In a system where productivity is usually measured in files cleared and hours logged, the Chhattisgarh Government is experimenting with a very different approach- it is paying its employees to step away from work entirely. The catch? Those days off aren’t for vacations or side hustles. They’re meant for silence.

Paid leave, but for stillness, not travel

Under a new policy, government employees can take up to 12 days of paid leave to attend structured meditation programs. During this time, they remain officially “on duty” and continue to receive their full salary.

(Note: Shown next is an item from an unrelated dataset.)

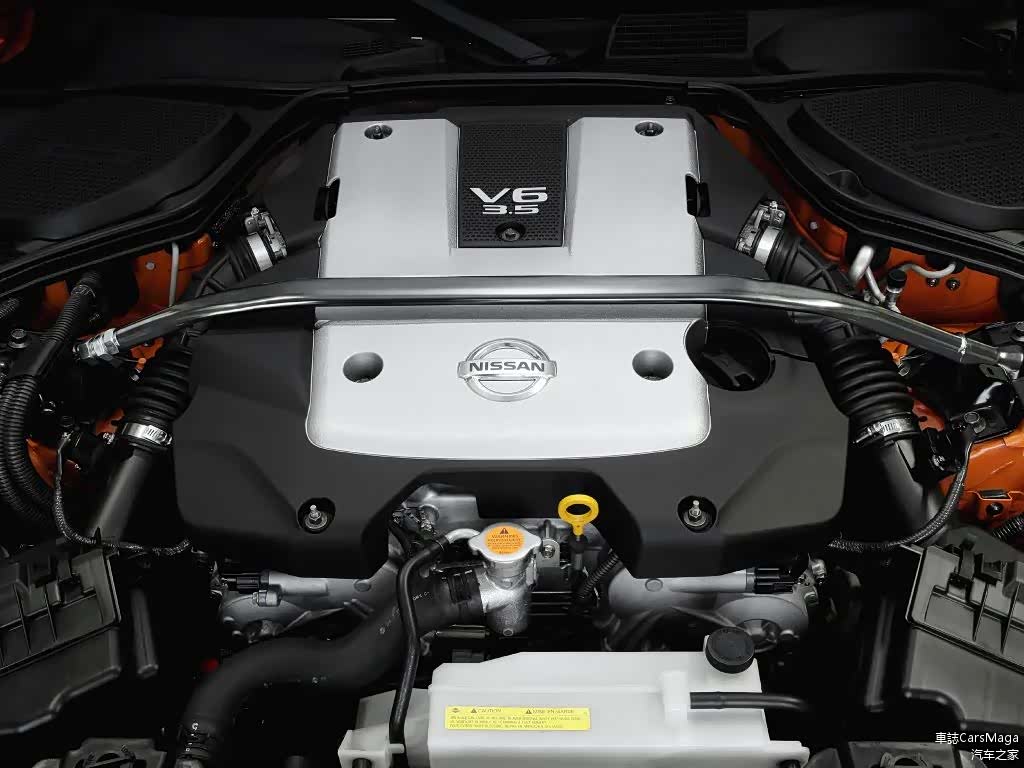 图:改款后的350Z发动机也有不少的变化,其中最明显的就是由单进气改为了双进气,动力输出更为优秀。
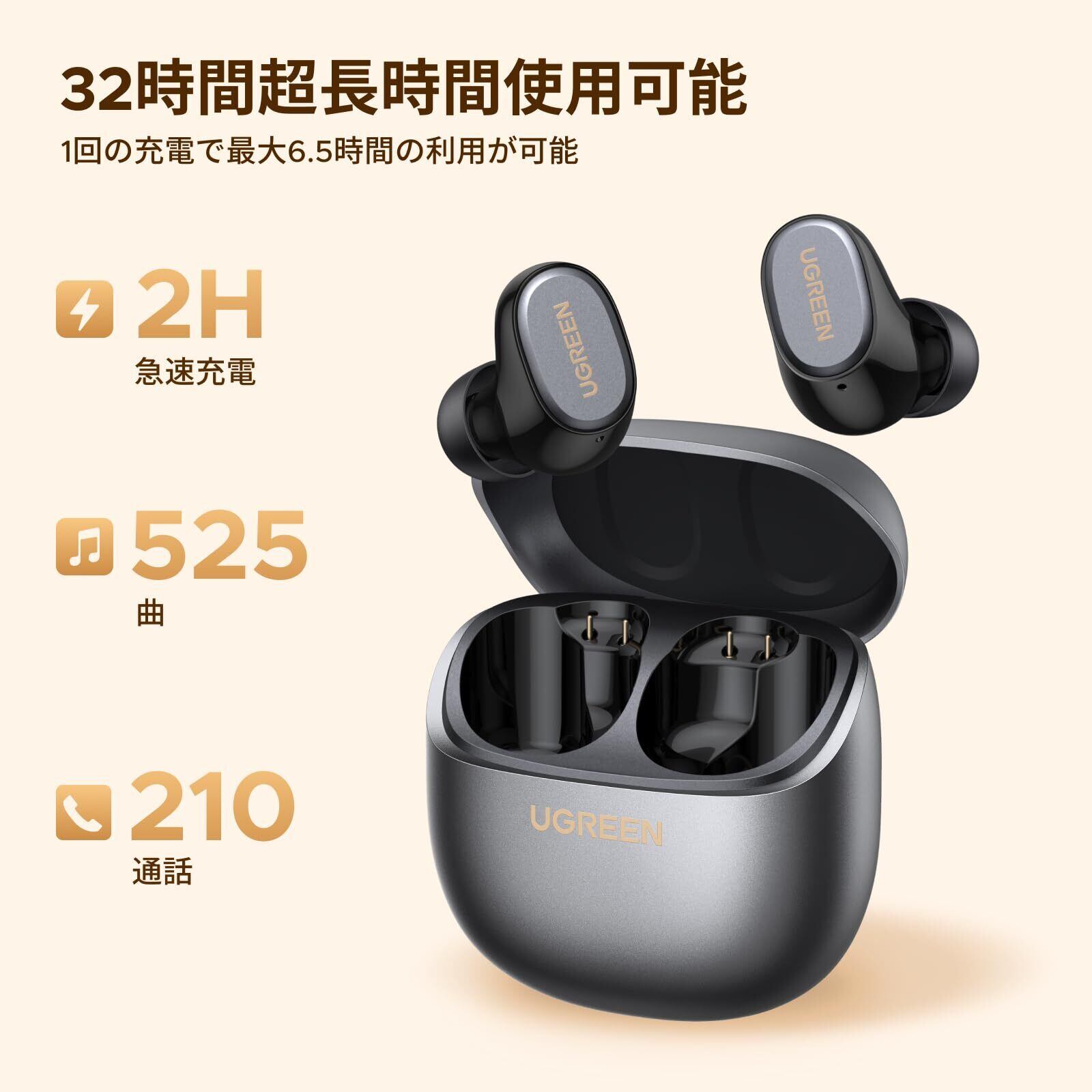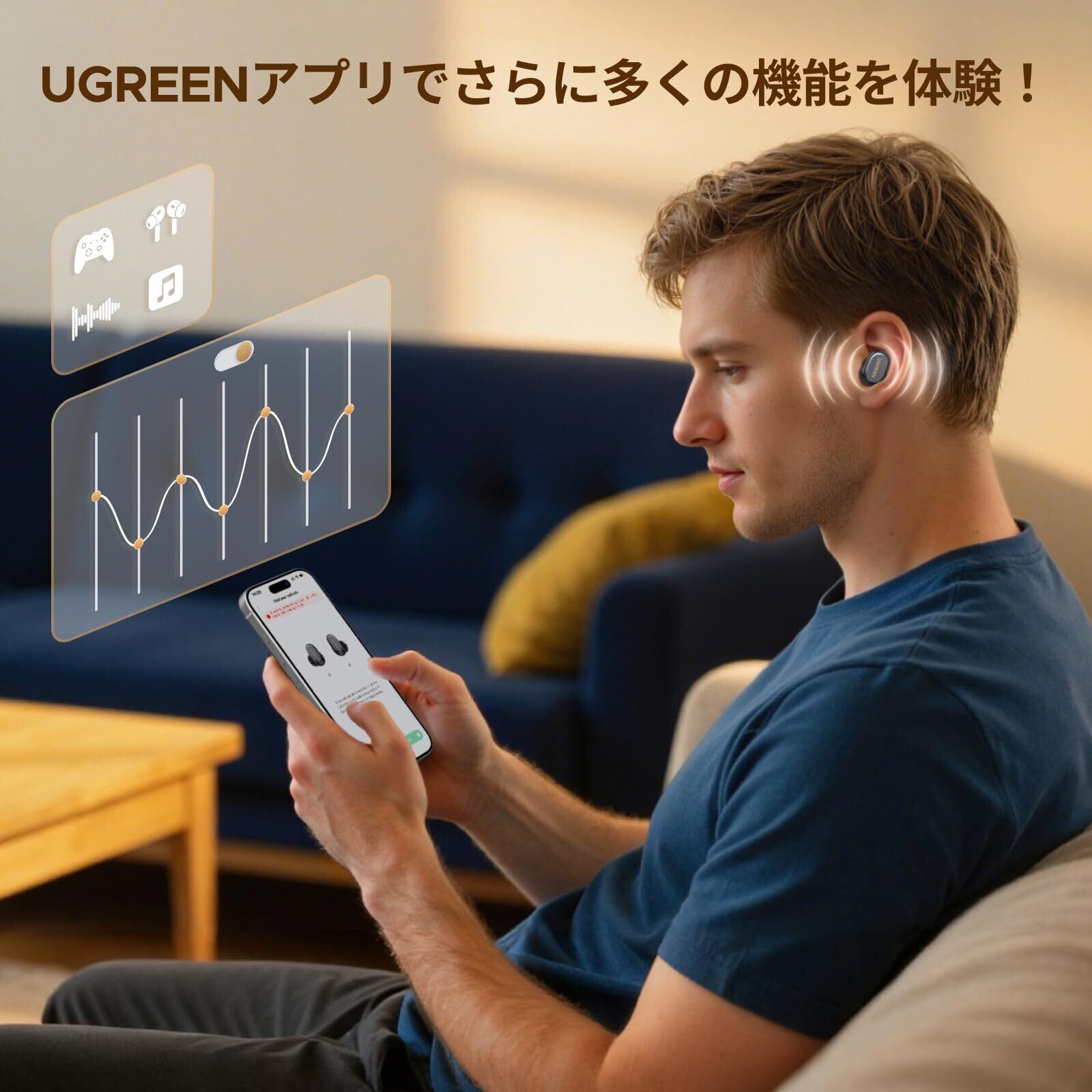 【2026最新!】UGREEN Dots ワイヤレスイヤホン Bluetooth 6.0 超小型【片耳7.3g軽量化/10mmチタニウム製ドライバー/ 合計32時間再生 /IPX5防水/AI通話ノイキャン】空間オーディオ 超軽量 2台デバイス同時接続 0.08s低遅延 APPカスタム操作 急速充電対応 耳を塞がない ブラック | kki

The leave is designed around 10-day residential courses in Vipassana meditation, where participants disconnect from the outside world - no phones, no conversations, no distractions. Over the course of their careers, employees can opt for this break up to six times. Not as easy as it sounds. Despite the headline appeal, this isn’t a free, no-questions-asked break.

Conditions Apply

Employees must first secure admission into a recognised meditation centre and submit proof before their leave is approved. Once the course is completed, they are required to produce a certificate or risk having the time off treated as unauthorised absence. There’s also a financial caveat: while the government covers the time, all travel and personal expenses are paid out of pocket.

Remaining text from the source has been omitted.